O critério de escolha das versões regionais
- Preferir uma versão de determinada localidade não significa que aquela fábula é daquela região, uma vez que as fábulas são iguais em todos os lugares.
- A circulação internacional “na comunhão não exclui a diversidade”, usando as palavras de Vittorio Santoli, que se exprime mediante a adoção ou recusa de certos motivos e a atmosfera que envolve a narrativa.
- Chamam-se italianos estes contos populares uma vez que relatados pelo povo na Itália, e o grau em que se deixaram embeber do quê veneziano, toscano ou siciliano é o critério diferencial da escolha.
- A designação Monferrato ou Marcas ou Terra d’Otranto significa apenas que para aquela fábula se tomou em consideração uma versão que pareceu a mais bela e a mais impregnada pelo espírito daquele lugar.
- Versões dotadas desses requisitos não se encontram em igual medida no material de todas as regiões, pois muitos primeiros folcloristas tinham uma paixão “comparatista” que recaía sobre o igual em vez de sobre o diferente.
As críticas esperadas e a resposta sobre a legitimidade da intervenção
- Prevêem-se críticas de quem privilegia o texto popular genuíno por ter “metido as mãos” nos textos, e de quem recusa o conceito de “poesia popular” por timidez e falta de liberdade.
- Não se poderia impor ao trabalho um método diferente, e discute-se a objeção fundamental sobre a legitimidade da intervenção nos textos.
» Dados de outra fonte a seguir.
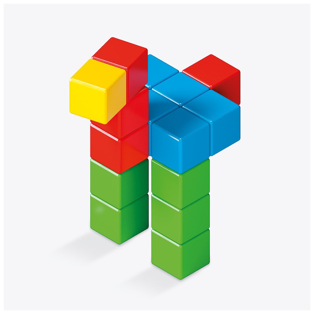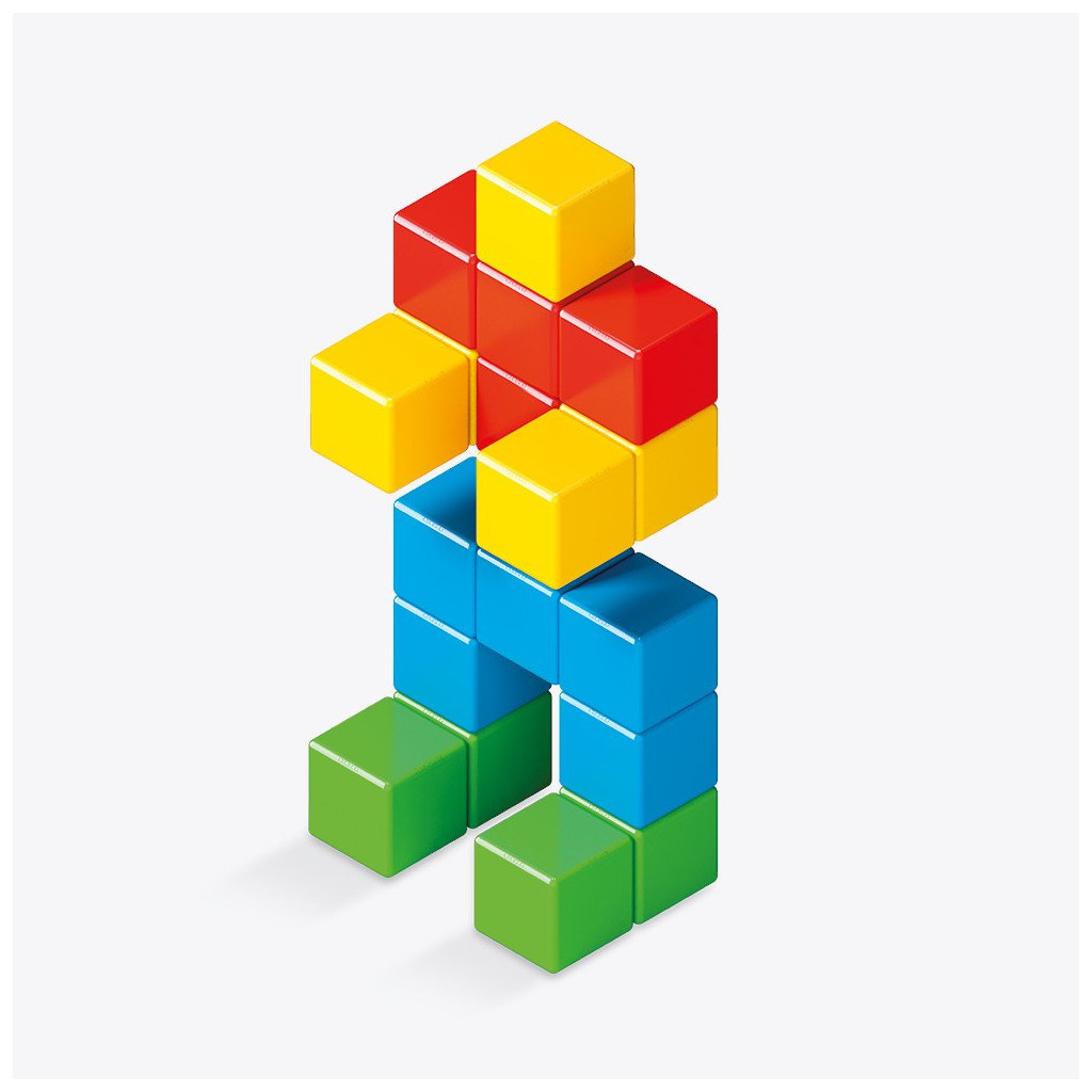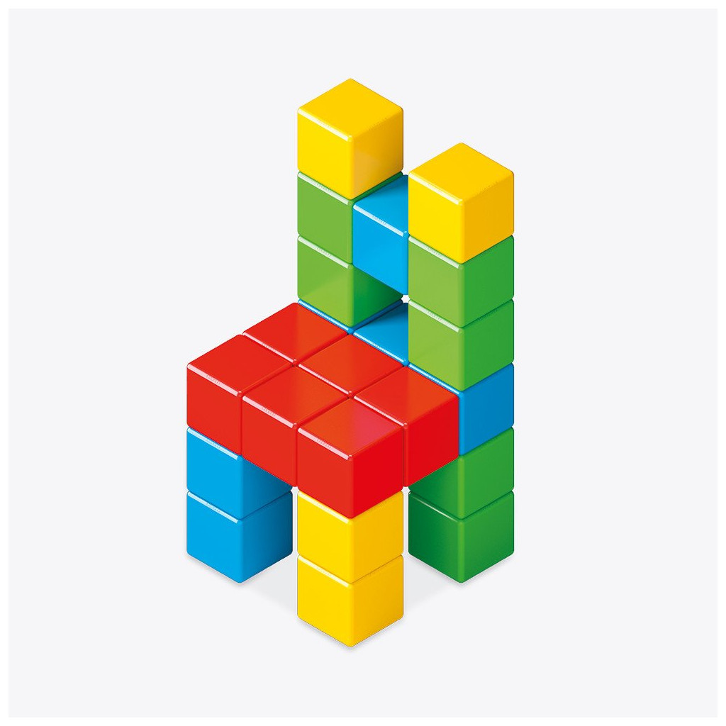 Obsahuje: 24 jednobarevných magnetických kostek (ve čtyřech barvách: zelená, červená, žlutá, modrá)
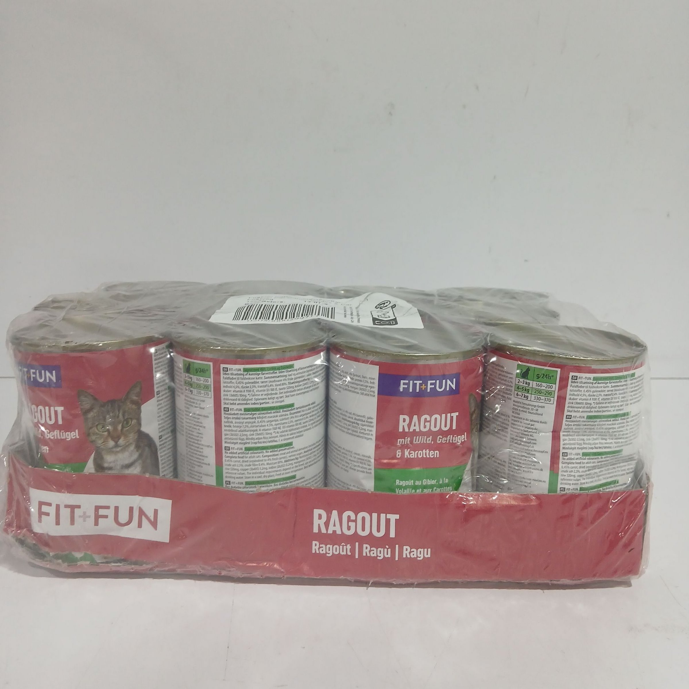 1 Packung Fit+Fun Katzenfutter Wild&Geflügel&Karotten 12x415g
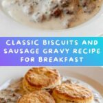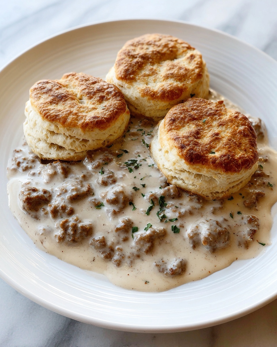 Classic Southern Biscuits and Sausage Gravy recipe featuring flaky homemade buttermilk biscuits topped with rich, creamy sausage gravy. This comforting dish is perfect for breakfast or brunch and serves 4 to 4 servings.
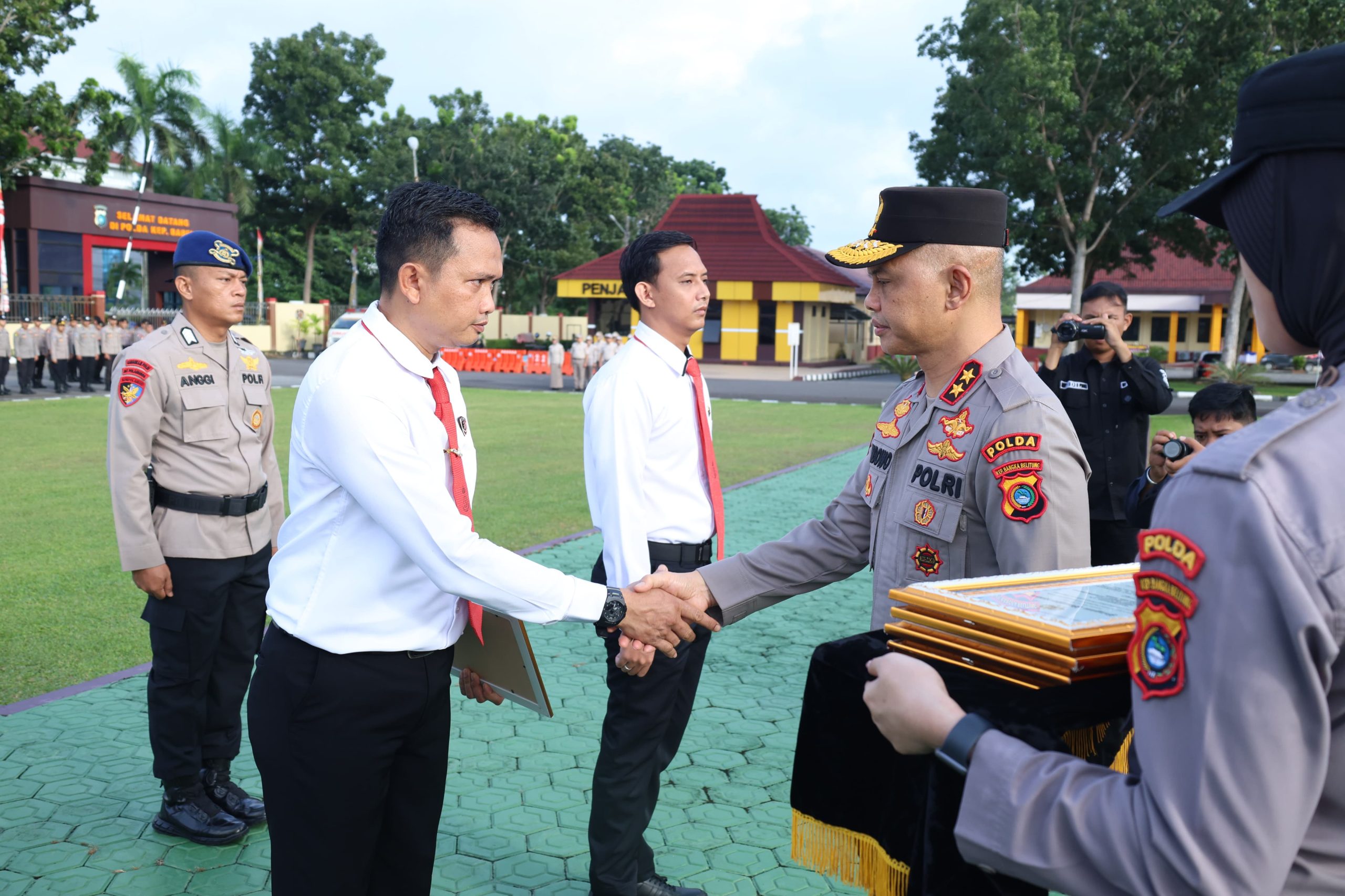 Pemberian penghargaan dilangsungkan pada saat apel pagi dihalaman Mapolda, Selasa (8/7/25). Dalam apel tersebut, turut dihadiri Wakapolda Brigjen Pol Tony Harsono, para Pejabat Utama Polda serta seluruh personel dan ASN Polda Babel.
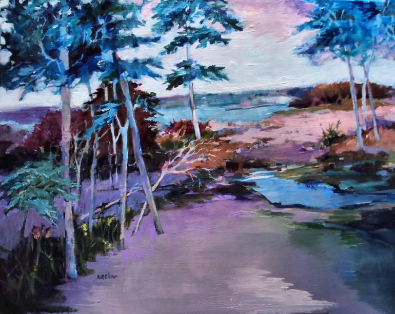 .A scene remembered. It was after a light rain, and cloud reflections were pink, and it was beautiful, and I may have exaggerated them a bit......"artist's license." The painting is 16 x 20 inches. Framed it is 17 x 21 inches.
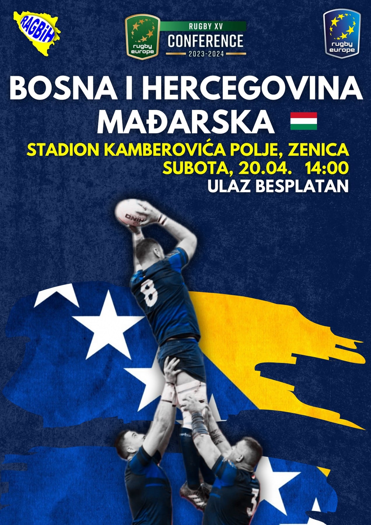 Ragbi reprezentacija Bosne i Hercegovine će sutra na stadionu Kamberovića polja dočekati reprezentaciju Mađarske u okviru posljednje utakmice grupne faze Europskog takmičenja u okviru Grupe B.
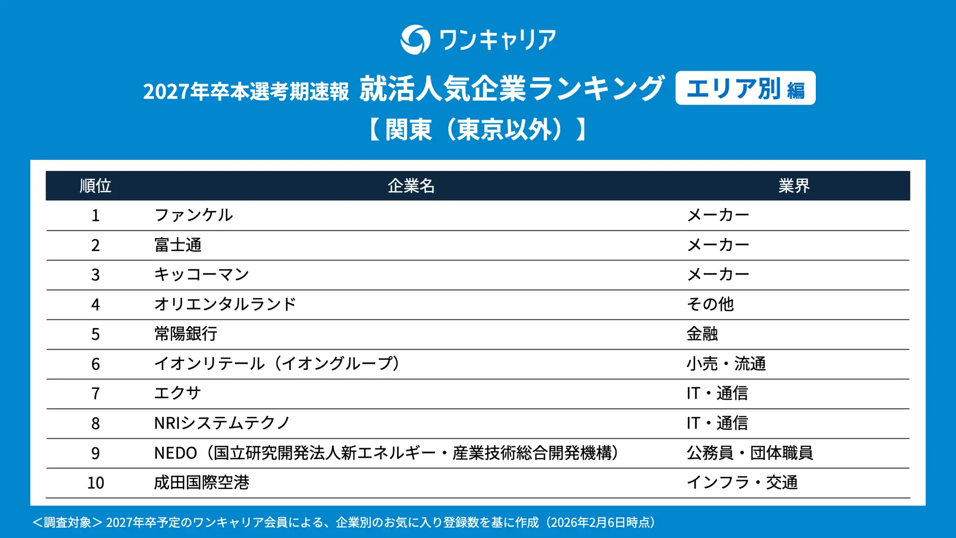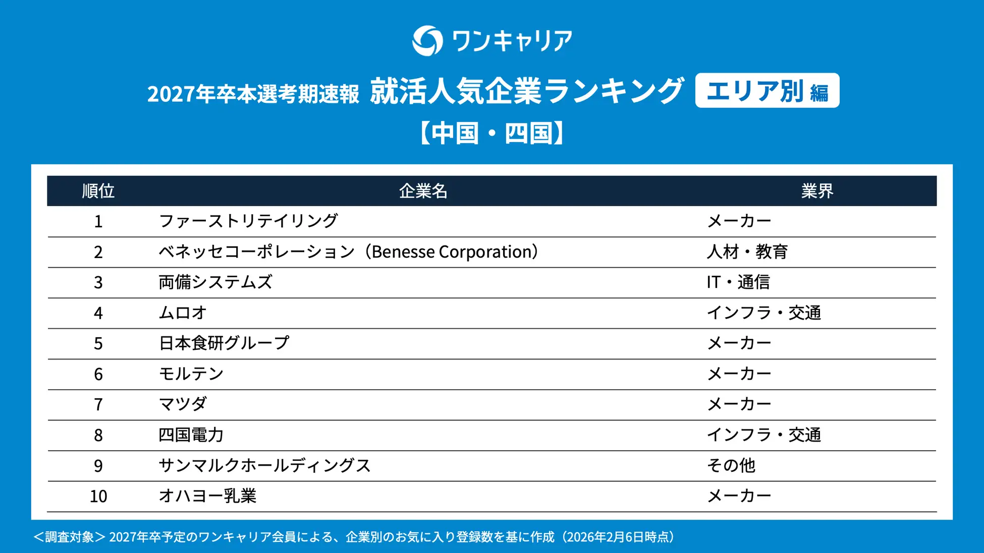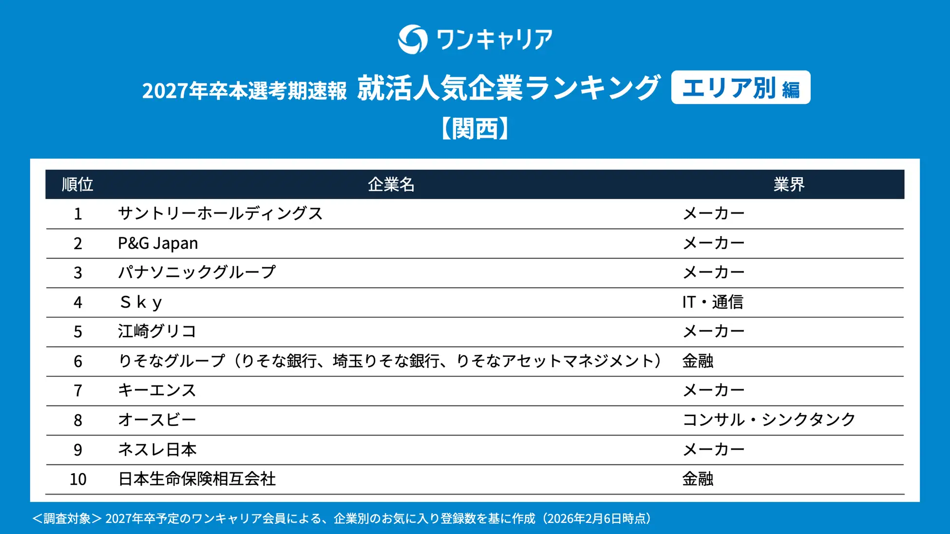 ワンキャリアは26日、「ワンキャリア 就活人気企業ランキング【エリア別編】(27卒本選考期速報)」を発表した。

- Tentar traduzir cantos populares dialetais seria tarefa absurda, mas a fábula goza da maior traduzibilidade que é privilégio da narrativa, e o livro nasceu para tornar acessível a todos o mundo fantástico contido em textos dialetais.
- Uma tradução pura e simples não teria bastado, pois as coletâneas das várias regiões foram elaboradas com critérios diversos, e o trabalho consistiu em tentar fazer desse material heterogêneo um livro.
A explicação específica sobre as fábulas toscanas
- A mesma operação de traduzir as fábulas dos dialetos de toda a Itália teve de ser realizada com as fábulas da Toscana, pois os dialetos toscanos são tão diferentes do italiano quanto os outros.
- O trabalho com os textos toscanos foi mais difícil e os resultados são mais discutíveis, sendo obrigado a diminuir um grau no tom da linguagem e a descolorir o vocabulário.
- A tarefa de diminuir o tom da linguagem foi executada com tristeza, pensando na eficácia daquelas páginas, mas também com a implacável segurança de que a redução ao essencial é um ato de moralidade literária.
A variação da intervenção conforme o texto
- A medida e a qualidade da intervenção variam de uma fábula para outra segundo o que o texto sugeria, havendo vezes em que se impunha tamanho respeito que era obrigado a traduzir tal e qual, como em “Os cinco desembestados”, “Pelo mundo afora”, “Desventura” e “O relógio do barbeiro”.
- Outras fábulas constituíam mero ponto de partida para um exercício de estilo, como em “O menino no saco”, onde se inventaram nomes e lenga-lengas, e em “Diabocoxo”, onde se jogou com sugestões do texto.
- Na lenda sarda de santo Antônio, montou-se a narração conforme se quis, partindo de pistas da tradição, e nas fábulas lígures trabalhou-se por inventiva própria sobre frágil vestígio.
- Apoiava-se no provérbio toscano caro a Nerucci: “La novella nun è bella, se sopra nun ci si rapella”, segundo o qual a novela vale por aquilo que nela tece e volta a tecer quem a reproduz.
- Decidiu-se tornar-se também um elo da anônima cadeia sem fim pela qual as fábulas se perpetuam, elos que não são jamais puros instrumentos, mas seus verdadeiros “autores”.